Article views(848) PDF downloads(139)

ARTICLE   Open Access    

The revelation of genomic breed composition using target capture sequencing: a case of Taxodium

Forestry Research  4 Article number: e034  (2024)  |  Cite this article

Abstract: Taxodium plants have good flood tolerance and thus were introduced into China from North America in the early 1900s. The subsequent decades of cross-breeding experiments within Taxodium have produced many new hybrid cultivars in China while also creating confusion in the genetic background of Taxodium plants. In the present study, target capture sequencing-derived SNP markers were used to reveal the genomic composition of different species and cultivars of Taxodium. The results unraveled the phylogenetic relationship within Taxodium and suggested the possibility of recent interspecific natural hybridization events. The introduced (Chinese) population is genetically similar to the native (North American) population, thus providing genetic evidence for historical introductions of Taxodium. Hybrid categories of different cultivars of Taxodium hybrid 'Zhongshanshan' were further identified, and their differences in parentage were revealed. Collectively, the findings provide evidence for understanding the genetics and hybridization of Taxodium and shed light on the future breeding and cultivation of cultivars with great ecological and economic potential.

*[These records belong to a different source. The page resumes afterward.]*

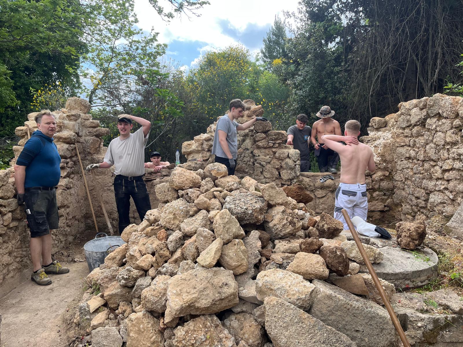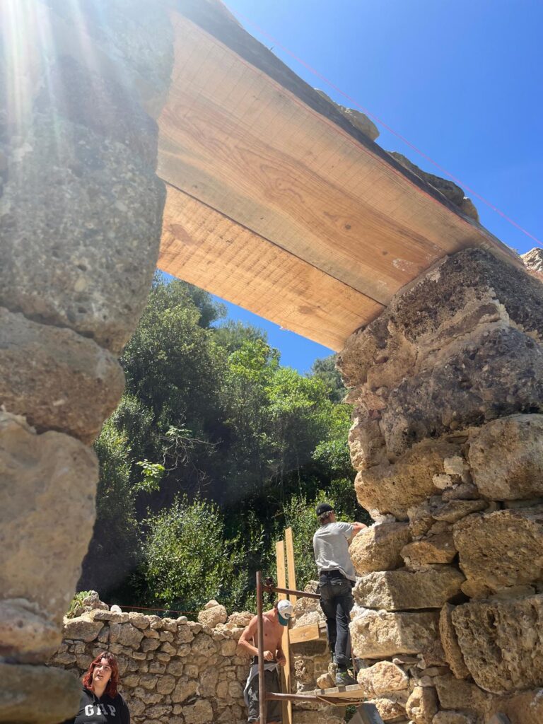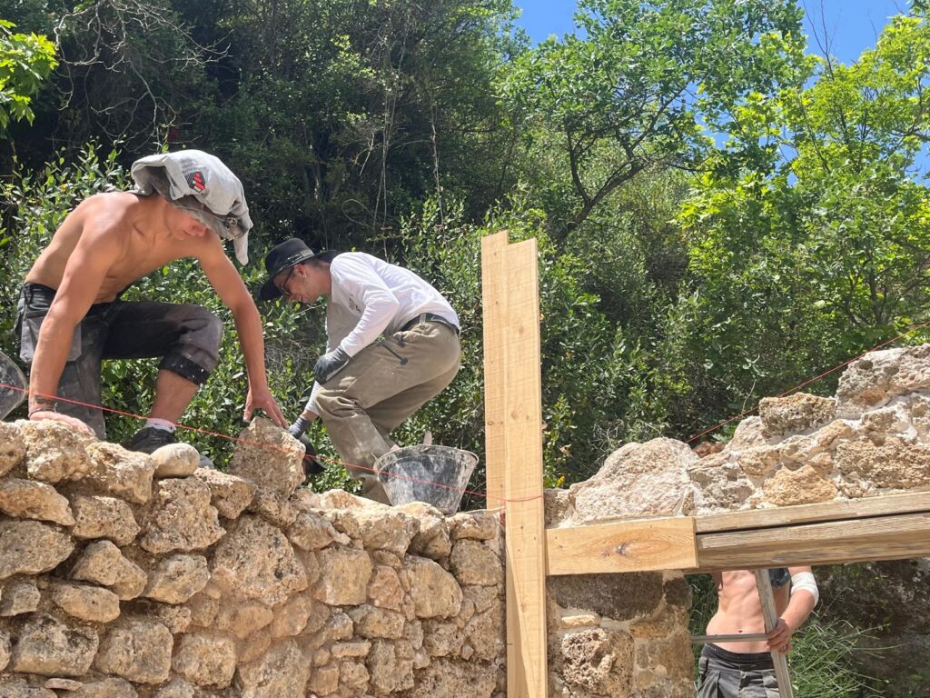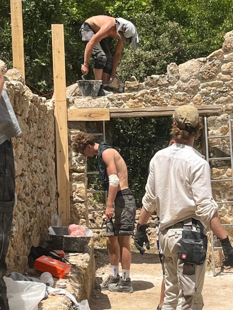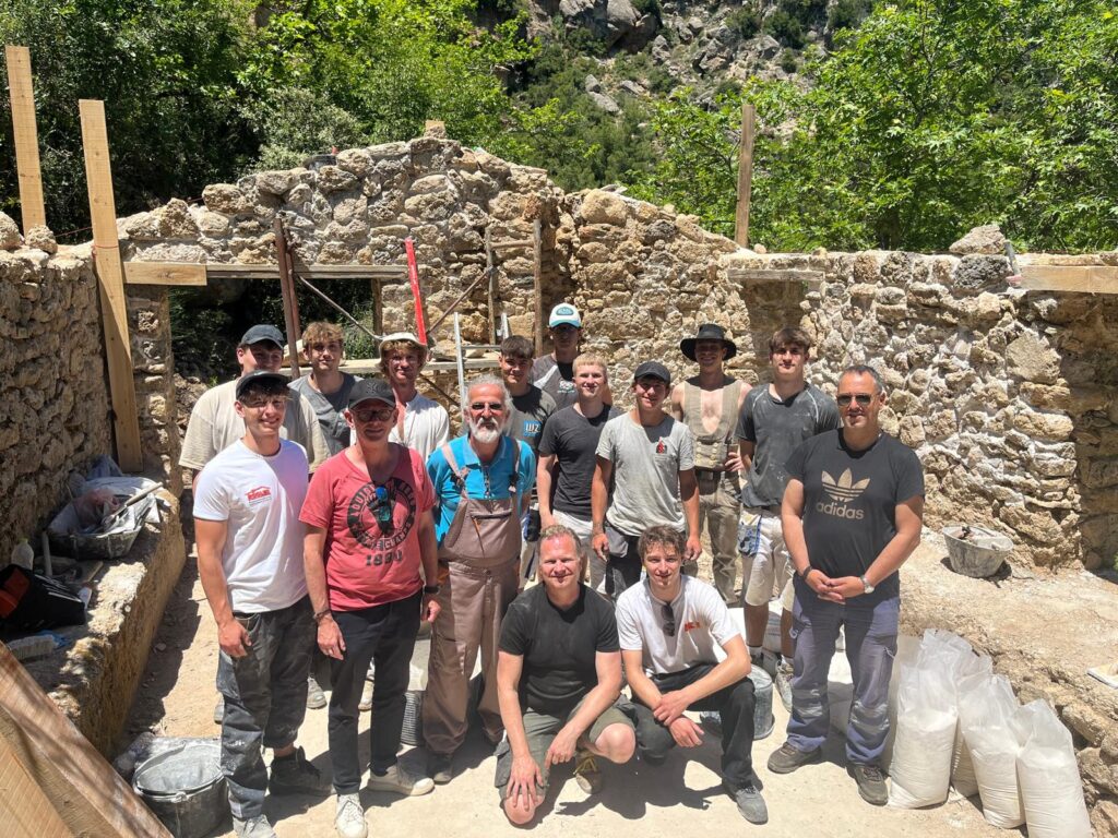 In May 2025, another exchange program was implemented by the Greek-German Youth Foundation (EGIN) with the participation of students from the Bildungsverein Bautechnik, the Knobelldorff-Schule OSZ-Bautechnik from Berlin, and EPAL Kiato, which lasted three weeks. During this phase, the restoration of the walls with lintels on the remaining windows and traditional senaz around the perimeter of the wall was completed. The old stones that were missing from the walls were replaced with donations of old stones from the village ruins, which were offered free of charge by the families of Georgios Nikolaou and Sofia Marini. All the materials were carried by hand by the trainees, as there is no access for vehicles to the mill. The advice of craftsmen and residents of Kryoneri was invaluable for this project.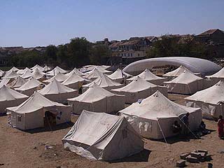 JPF参加NGO「ピースウィンズ・ジャパン」が設置したスクプルのテント避難村。 奥に見えるのが帝人と共同開発したエアバルーンシェルター。 |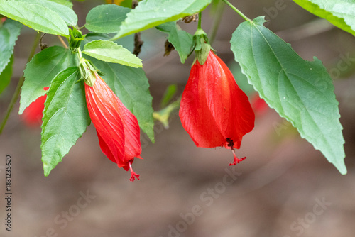Obraz premium Two red Turk's Cap flowers (Malvaviscus arboreus) in horizontal close-up....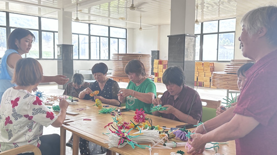 围绕 “九九重阳” 敬老主题,工作人员在石磁村、王渡村、横板桥村、会墅岭村开展 “巧手制菊” 手工 *** 活动。
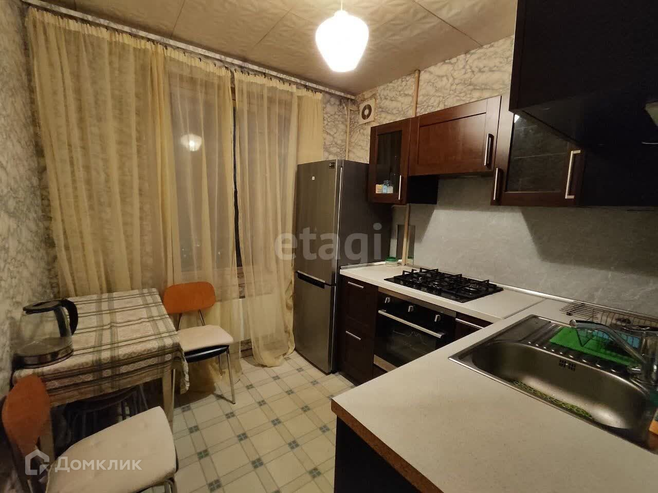 В квартире установлен пластиковый стеклопакет, 2 года назад поменяна проводка. Из мебели остается кухонный гарнитур. Полы выровнены, везде линолеум, кроме ванной. Все счетчики установлены, старые заменены, также 2 года назад.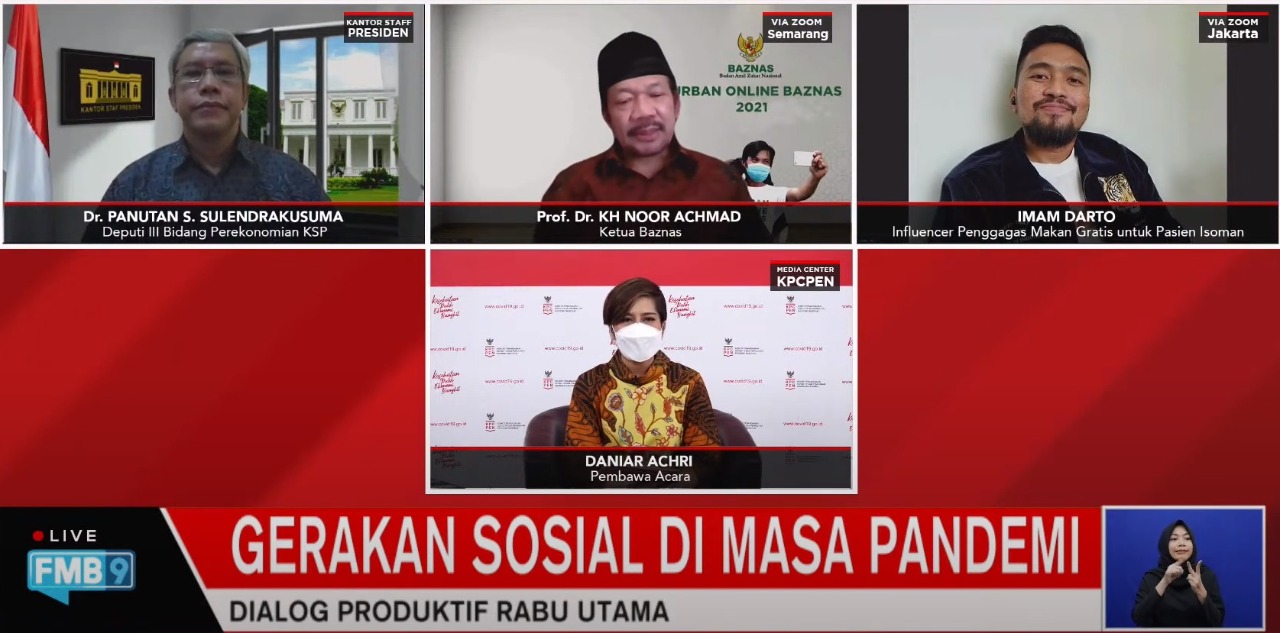 Di kesempatan yang sama, selebritis sekaligus penyintas COVID-19, Imam Darto berkisah mengenai gerakan yang dilakukan di masa pandemi untuk menularkan virus kebaikan bagi orang banyak.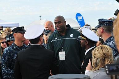 | Keywords: Flickr - Official U.S. Navy Imagery - Magic Johnson greets service members..jpg SAN DIEGO Nov 11 2011 Magic Johnson greets service members attending the Quicken Loans Carrier Classic basketball game on the flight deck of the aircraft carrier USS Carl Vinson CVN 70 Carl Vinson is hosting Michigan State University and the University of North Carolina for an NCAA basketball game U S Navy photo by Mass Communication Specialist Seaman Apprentice Zachary Bell/Released 111111-N-ZI635-738 http //www flickr com/photos/usnavy/6344355288/ Magic Johnson greets service members 2011-11-11 18 40 http //www flickr com/people/56594044 N06 Official Navy Page from United States of America MCSA Zachary Bell/U S Navy U S Navy photo PD-USGov-Military-Navy Official U S Navy Imagery http //flickr com/photos/56594044 N06/6344355288 2012-11-14 08 51 03 cc-by-2 0 Images from United States Navy to check |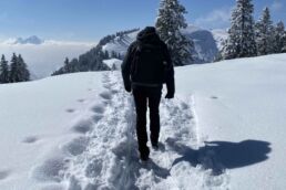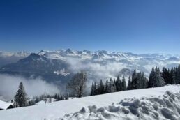 Next up: a hike on the Rigi Panorama Trail, reached via cable car from Kräbel. It cost more than we expected—about $100—but the panoramic mountain top views were worth every franc. With hardly anyone else on the trail and fresh snow underfoot, it felt like we had the Alps to ourselves. We both agree this is one our favorite hikes we’ve done to date, and certainly one of the most beautiful. We were not about to completely finish the trail due to the depth of snow, but it was funny giving it a try!
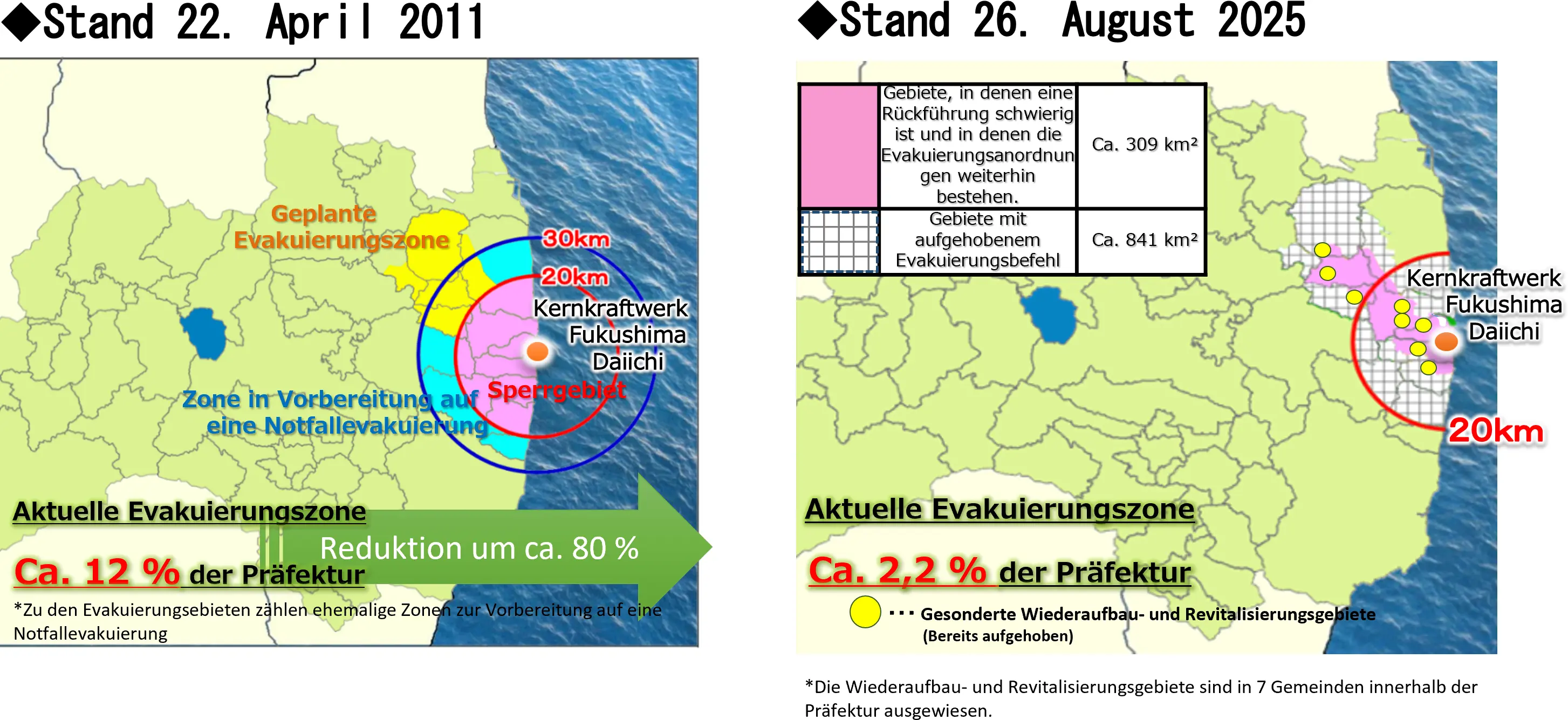 Verbesserte Bedingungen für Rückkehrende führten zur Aufhebung des Evakuierungsbefehls. Die Evakuierungszonen schrumpften von 12 % auf ca. 2,2 %.

    • Native North American genus Taxodium, comprising three currently known species, T. ascendens Brongn., T. distichum (L.) Rich., and T. mucronatum Ten., was introduced into China in the early 20th century for use in forestry[15]. Since the 1960s, Chinese researchers have been crossbreeding within Taxodium and have produced a succession of interspecific hybrid varieties named by Taxodium hybrid 'Zhongshanshan' (ZSS)[6]. The inherent tolerance of Taxodium to environmental stresses including flooding and salt[79], and decades of selective breeding have combined to shape the ecological adaptability of ZSS, which has strong resistance to a wide range of environmental stresses including wind, perennial flood, salinization, and alkalinization[10,11]. ZSS has therefore been widely cultivated in wetland, riverbanks, and the coastal floodplains of eastern China for flood control and landscaping[10,12].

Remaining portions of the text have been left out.